Bus transit system in Southern San Diego County

The San Diego MTS bus system is a public transport bus service serving San Diego County, California. It is part of the San Diego Metropolitan Transit System (MTS). The system operates 97 bus routes in San Diego and the rest of the southern half of the county. There are 85 "MTS Bus" fixed-route services, 9 "Rapid" bus rapid transit routes, and the "MTS Access" paratransit service.
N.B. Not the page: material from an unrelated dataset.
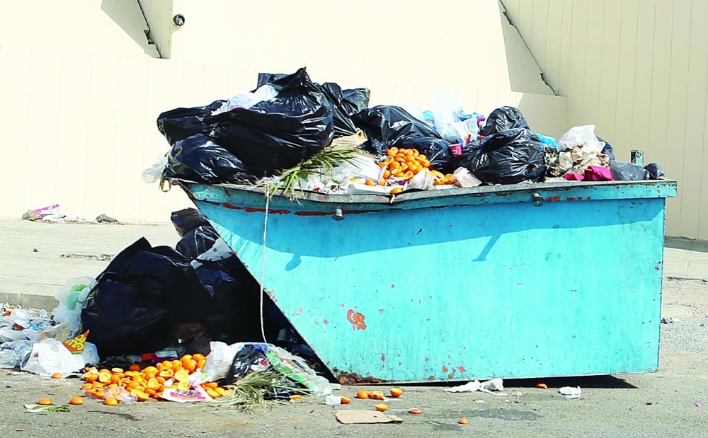 إحدى الحاويات مليئة بالنفايات في باب شريف. (تصوير: موسى الأحمري)

Routes are operated by private contractors and by the San Diego Transit Corporation (SDTC), a subsidiary of MTS. SDTC operates 27 routes based out of downtown San Diego (Imperial Avenue Division), Transdev operates 74 routes based out of Chula Vista (South Bay Division) and El Cajon (East County Division), and operates the "MTS Access" paratransit service that are operated with mini-buses based out of Kearny Mesa (Copley Park Division).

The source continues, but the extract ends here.